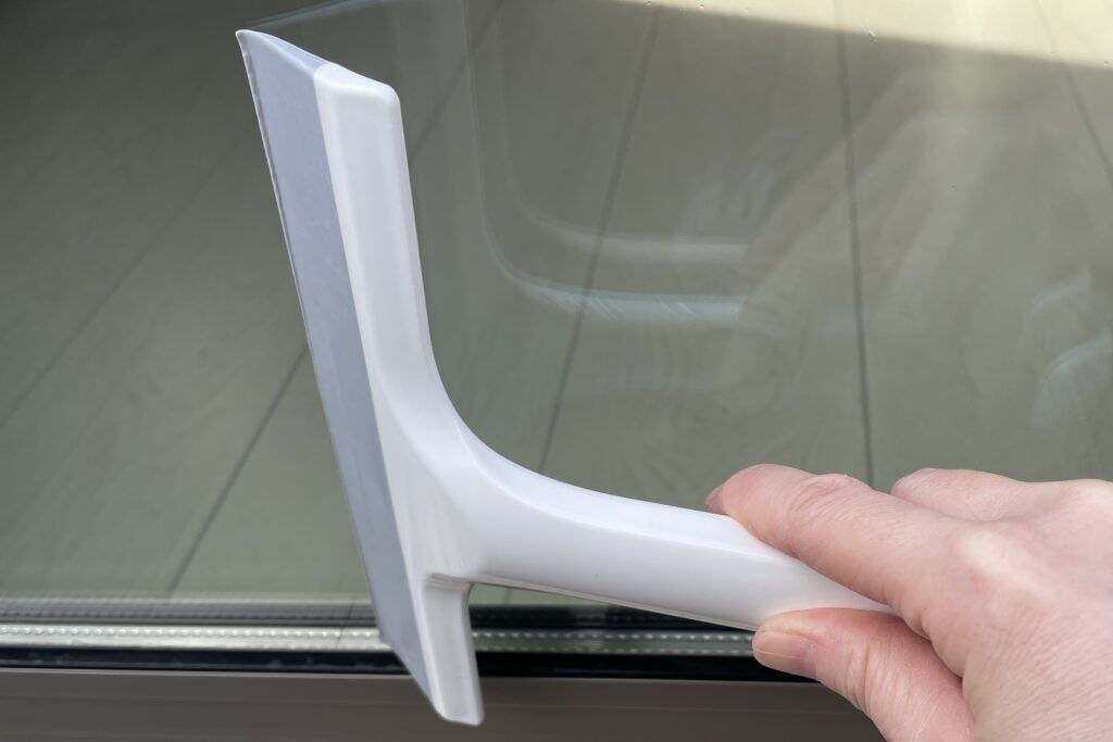 洗ったマイクロファイバークロスで窓ガラスを拭いて、スクイジーを横に掛け水を切ります。
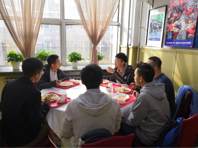 4月17日清晨,皇冠足球赔率 第三十三期师生早餐会在学苑餐厅一楼顺利举行。皇冠足球赔率 发动机气体动力研究中心的温风波老师与自愿报名参加早餐会的五名同学共进早餐,同学们与老师之间交流热烈。
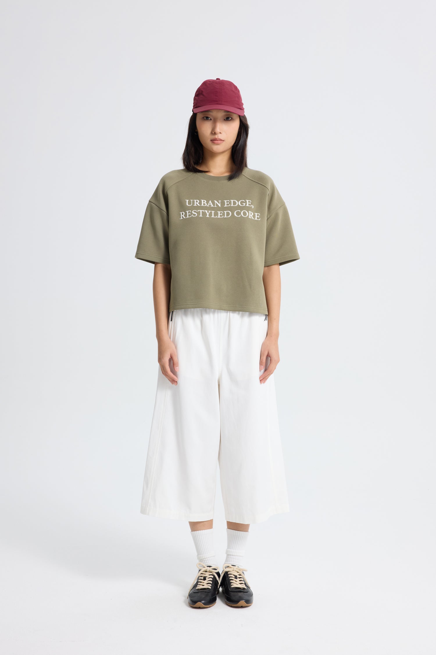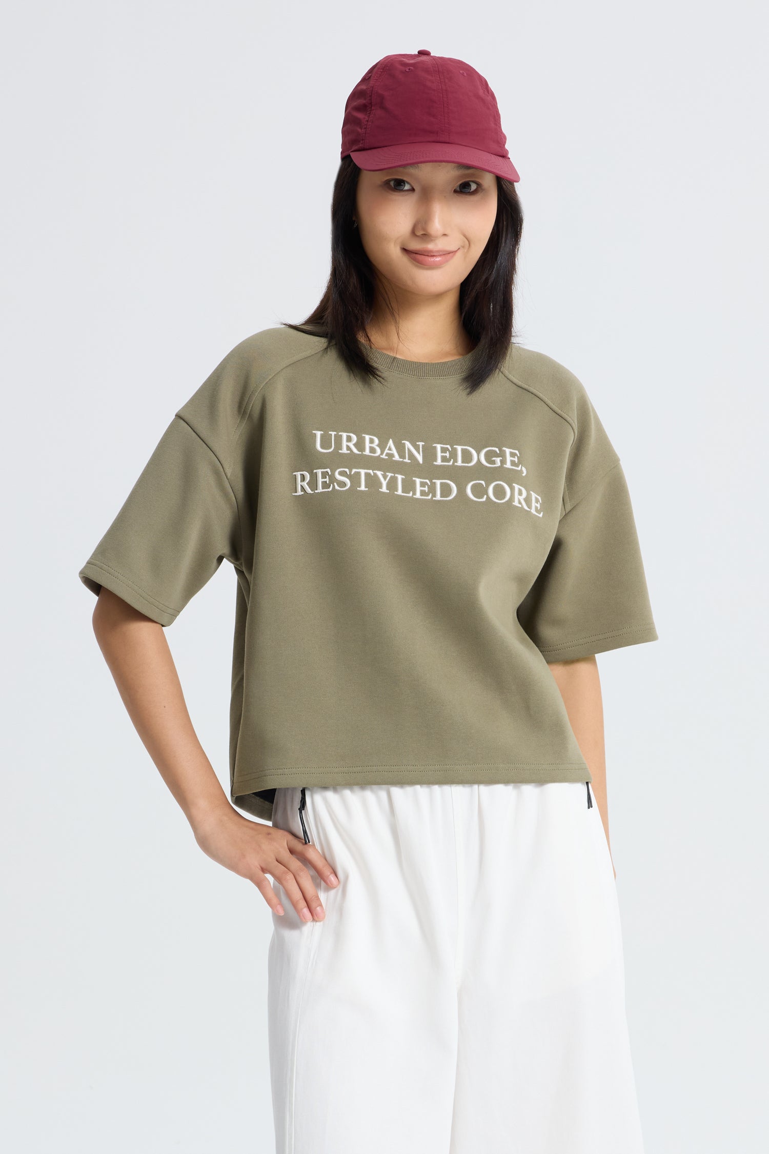 A core essential, reimagined with urban edge. This elevated tee features clean lines and a minimalist silhouette, reworked with subtle statement energy. Punctuated by 3D embroidery reading “urban edge, restyled core,” it’s a quiet declaration of modern identity and confident restraint. Crafted from a soft, cosy cotton-blend, it balances comfort with a street-smart attitude. Whether worn solo or layered under oversized outerwear, this tee delivers understated impact to the everyday uniform.
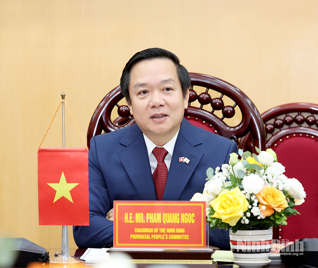 Phát biểu chào mừng, đồng chí Phạm Quang Ngọc, Phó Bí thư Tỉnh uỷ, Chủ tịch UBND tỉnh bày tỏ vui mừng, phấn khởi được đón tiếp và làm việc với Đoàn đại biểu cấp cao Chính quyền thành phố Asan do ngài Oh Sae Hyun, Thị trưởng thành phố làm Trưởng đoàn có chuyến thăm chính thức và chúc mừng ngay sau khi tỉnh Ninh Bình mới được thành lập; cá nhân ngài Thị trưởng đã dành thời gian sang thăm Ninh Bình để thúc đẩy mối quan hệ hợp tác giữa hai địa phương tiếp tục được duy trì và phát triển trong giai đoạn mới.
★ ★ ★ ★
TASK PROMPT:
An exact reproduction of the lines from the line containing "A core essential, reimagined" through the end of the listing above is needed; pictures stay out.

EXPECTED OUTPUT:
 A core essential, reimagined with urban edge. This elevated tee features clean lines and a minimalist silhouette, reworked with subtle statement energy. Punctuated by 3D embroidery reading “urban edge, restyled core,” it’s a quiet declaration of modern identity and confident restraint. Crafted from a soft, cosy cotton-blend, it balances comfort with a street-smart attitude. Whether worn solo or layered under oversized outerwear, this tee delivers understated impact to the everyday uniform.
 Phát biểu chào mừng, đồng chí Phạm Quang Ngọc, Phó Bí thư Tỉnh uỷ, Chủ tịch UBND tỉnh bày tỏ vui mừng, phấn khởi được đón tiếp và làm việc với Đoàn đại biểu cấp cao Chính quyền thành phố Asan do ngài Oh Sae Hyun, Thị trưởng thành phố làm Trưởng đoàn có chuyến thăm chính thức và chúc mừng ngay sau khi tỉnh Ninh Bình mới được thành lập; cá nhân ngài Thị trưởng đã dành thời gian sang thăm Ninh Bình để thúc đẩy mối quan hệ hợp tác giữa hai địa phương tiếp tục được duy trì và phát triển trong giai đoạn mới.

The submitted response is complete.